A London-based bank has pledged a financial safety net worth $50 million (£38m) to help Moldova secure gas supplies for the winter in case of an emergency.
The European Bank for Reconstruction and Development (EBRD) says Moldova, which relies on gas from Russia and has no storage for the fuel, faces the risk of disrupted supply should Russia and Ukraine fail to extend a gas transit agreement that expires on 31st December 2019.
Under an agreement signed this week, the EBRD will issue an on-demand, standby letter of credit of up to $50 million to guarantee payment obligations of the Moldovan state energy importer Energocom.
It will enable the company to buy one month of natural gas supply from Ukraine’s oil and gas company Naftogaz to avoid any supply risk.
The Ukrainian firm will procure up to 0.4 billion cubic metres of gas through open tenders with EU suppliers, which will be delivered to the Moldovan energy firm.
The EBRD letter of credit will facilitate a 180-day delay in Naftogaz payment, which will give Energocom time to collect receivables from customers and pay the invoices. If Energocom is not paid on time and has insufficient funds to pay Naftogaz, the Ukrainian company can claim the EBRD’s letter of credit and any funds used under the letter of credit will be repaid by the Moldovan state.

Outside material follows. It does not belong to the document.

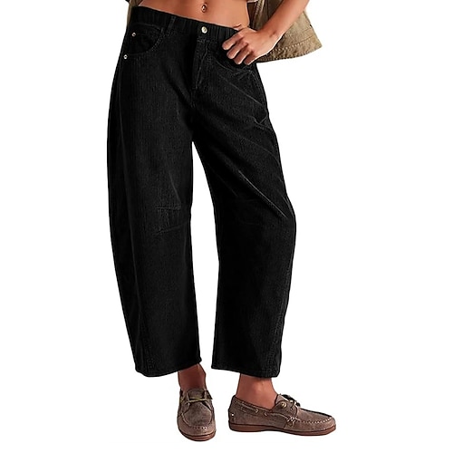 Per donna Pantaloni in velluto a coste Pantaloni Eleganti Dritto Streetwear Casual Lunghezza intera Naturale Semplice Rivetto Cerniera Confortevole Streetwear Ferie Abbigliamento quotidiano Nero Rosa
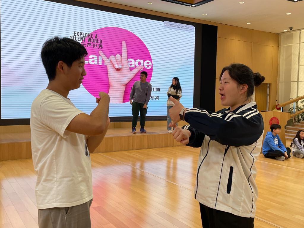 The event began with an exciting ice-breaker to help students from both schools know each other better. Each member introduced themselves using sign language. In this simple interactive moment, the language barriers that one might expect were non-existent, creating a warm atmosphere and allowing members of the SHSID Sign Language Club to put the sign language learned in class to good use!

Moldovan Prime Minister Ion Chicu said: “The financial arrangement we have signed today is evidence of a very good relationship between Moldova and the EBRD. The financial mechanism will complete the set of options Moldova has at its disposal for supplying gas to consumers, in case of an emergency beyond the government’s control.
“We are grateful to the EBRD for giving us a hand and I am certain the Bank will increase the number of projects in Moldova in the near future.”